In the meantime, Keck continued to improve upon the fiber he had invented. He replaced the titanium oxide glass of 1970 with germanium oxide doped glass, and eventually achieved a consistent 4 db/km attenuation in June 1972. By the end of the 1970s, Keck had four critical inventions which secured Corning's place as frontrunner in the optical fiber revolution: fused silica doped with titanium; fused silica doped with germanium; the inside vapor deposition, or IV process, for making fiber; and the outside vapor deposition, or OV process, for making fiber, which would ultimately become the leading manufacturing method.

By 1979, Corning was mass-producing the refined optical fiber invented by Keck in Wilmington, North Carolina.

He was elected editor-in-chief of Journal of Lightwave Technology in 1989, a position he held until 1994. After beginning as a senior research scientist in 1968, almost 30 years later, in April 1997, Corning appointed Keck the division vice president of core technology, optics and photonics – science and technology.

Keck retired from Corning in 2002. At the time of his retirement he held the position of vice president and director of research. Immediately after his retirement, Keck helped establish the Infotonics Technology Center in Canandaigua (town), New York, a collaborative organization between private industry and government focused on photonics and nanotechnology innovation. Due to his expertise in both photonics and research management, he was elected the first chief technology officer of Infotonics, a position he held briefly.

==Personal==
Keck and his wife Ruth currently reside in Big Flats, New York, outside of Corning. He has two adult children, both of whom are also involved in technological fields: Lynne Vaia, a civil engineer, and Brian Keck, a software expert. He is involved in local philanthropy in Corning, holding board membership for the American Red Cross, the Community Foundation, and the Science Center. In addition to still consulting for Infotonics, Keck remains active in the science community, serving on the oversight board for the National Institute of Standards and Technology, the IPO Education Foundation Board of Directors, as well as holding the position of vice-chair of the National Inventors Hall of Fame Board of Directors.
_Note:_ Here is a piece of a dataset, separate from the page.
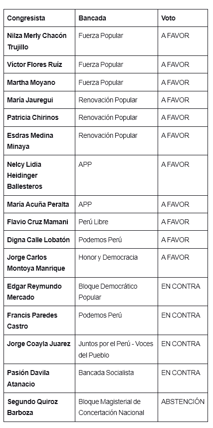 Los parlamentarios que se opusieron fueron Edgar Reymundo Mercado de Bloque Democrático Popular , Francis Paredes Castro de Podemos Perú, Jorge Coayla Juarez de Juntos por el Perú - Voces del Pueblo, Pasión Dávila Atanacio de la Bancada Socialista. Y votó en abstención Segundo Quiroz Barboza de Bloque Magisterial de Concertación Nacional.

Furthermore, Keck is a benefactor of his alma mater, Michigan State University, where he also currently sits on the advisory board for the university's College of Natural Science, of which he was a graduate.

==Awards and honors==
Keck's alma mater, Michigan State University, named him a Distinguished Alumnus, and Rensselaer Polytechnic Institute granted him an honorary degree in 2004. In 1992, he received the John Tyndall Award from The Optical Society and IEEE Photonics Society. The Optical Society has also elected him a Fellow in 1972 and Honorary Member in 2012, the Society's most distinguished of all member categories. For his discovery of low-loss optical fiber in particular, Keck was inducted into the National Inventors Hall of Fame in 1993, after which he served as President of the National Inventors Hall of Fame Foundation. Also in 1993, Keck was elected a member of the National Academy of Engineering for invention and development of manufacturing methods of low-attenuation glass fibers for optical communication.

He is also a recipient of the Department of Commerce American Innovator Award and the SPIE Technology Achievement Award. For his work with photonics, Keck was honored with Laurin Publishing's Distinction in Photonics Award in 2002.

In 2000, U.S. President Bill Clinton awarded Keck, along with his fellow Corning researchers Maurer and Schultz, the nation's highest honor for innovators, the National Medal of Technology. Their award citation read: "Their invention has enabled the telecommunications revolution, rapidly transformed our society, the way we work, learn and live – and our expectations for the future. It is the basis for one of the largest, most dynamic industries in the world today."

==Patents==
Keck acquired 36 U.S. patents and authored more than 150 papers in the areas of optical fibers and fiber components. Selected patents are listed below:

- (1972-05) Maurer, et al., "Fused Silica Optical Waveguide."
- (1973-01) Keck, et al., "IV Method of producing optical waveguide fibers."